Once we got upstairs, Lexa had two guards escort John and I to separate rooms. Our healer, Nyko, was a good friend of mine so I didn't mind letting him take a look at my wounds. But the whole time he was helping me, I couldn't help but think about John. I wanted to know he was okay. I wanted to know that his injuries weren't as bad as I thought they were. I wanted someone to reassure me these things but, nobody did. So I then waited until Nyko was gone before Lexa finally came in and sat by my side.

"Is he okay? Tell me John is okay," I said.

"He's fine. Nyko's taking a look at him now," Lexa stated.

I sighed with relief before laying my head back on the pillow, feeling with warmth of the material comfort my head.

"Why did you do it, sister? Why did you come in and save him? I sent them down for a reason. They were beating Murphy for a reason," Lexa stated.

"Why? John had been nothing but good. He had listened to everything he was told. He didn't make a seen when he was locked away. He did nothing to you," I said.

"Because he's the enemy. You needed to remember that," Lexa said.

"You hurt him because of me? Because I showed him kindness? Because I wanted to be more than a warrior?" I questioned.

"You are called Gona for a reason. Live up to your name," Lexa said before getting up and heading out, leaving me alone in my room to recover.

As she left, I looked around me and spotted a mirror before lifting it up to face me. I looked at the glass for a moment and saw my cuts and bruises on my face. They looked painful but I felt nothing. No pain. Not even a little. The only pain I felt was the pain I had caused John. I couldn't believe that I had caused him this pain. If I had only left him alone that day in the woods, I could have saved him from so much pain. I felt so responsible for his suffering. All I wanted to do was take his suffering away. Tears formed in my eyes as I continued to stare at my reflection before a flash of anger hit me and I smashed the mirror on the desk beside me with my bare hand. I crumbled the glass in my hand before bursting into tears.

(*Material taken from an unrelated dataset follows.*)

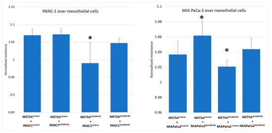 Similar to gastric cancer cells, we generated an ALCAM knockdown model from PANC-1 cell line which expressed high levels of ALCAM. In contrast, MIA PaCa-2 cells displayed low levels of ALCAM from which we created an ALCAM overexpression cell model. These created pancreatic cancer cell models were tested in the ECIS assay in a similar fashion to that of gastric cancer cells. As shown in Figure 5A–D, knocking down ALCAM from both the mesothelial cell MET5A and pancreatic cancer cell PANC-1 rendered a marked reduction of cell adhesion, similar to that seen with gastric cancer cells. In addition, overexpression of ALCAM in MIA PaCa-2 cells generated some marginal increases in the adhesiveness to MET5A cells (Figure 5E,F). This marginal increase is likely due to the low levels of ALCAM in the control cells and that over-expression only marginally increased the adhesiveness on the basis of the existing ALCAM. MET5A knockdown groups, which interacted with MIA PaCa-2 control or overexpression cells, also showed reduced cell adhesion compared with MET5A control groups (Figure 5G,H). Figure 6 showed the resistance value of each ECIS experimental group 1 h after cancer cells were added. It is clear that the adhesion of pancreatic cancer ALCAM knockdown cells to mesothelial cells, control or ALCAM knockdown, was significantly reduced (Figure 6).

I continued to cry for a while before I suddenly heard the door open. It was Oriana. Her face looked shocked to see what I had done before rushing to my side and beginning to take a look at my hand.

"Freya, what happened?" Oriana asked as she began to examine my hand.

Shards of glass was stuck in my hand but I didn't care. I felt nothing but emotional pain, not physical pain.

"I smashed the mirror with my hand," I said.

"I'll get Nyko," Oriana said before heading to the door.

"Wait. Oriana, please wait," I pleaded.

This stopped Oriana and caused her to turn.

"I need you to do something for me," I said as tears continued to fall down my cheeks.

Oriana then walked over and sat down beside me. She began to wipe my tears away with her hands before smiling, but still looking very concerned about me.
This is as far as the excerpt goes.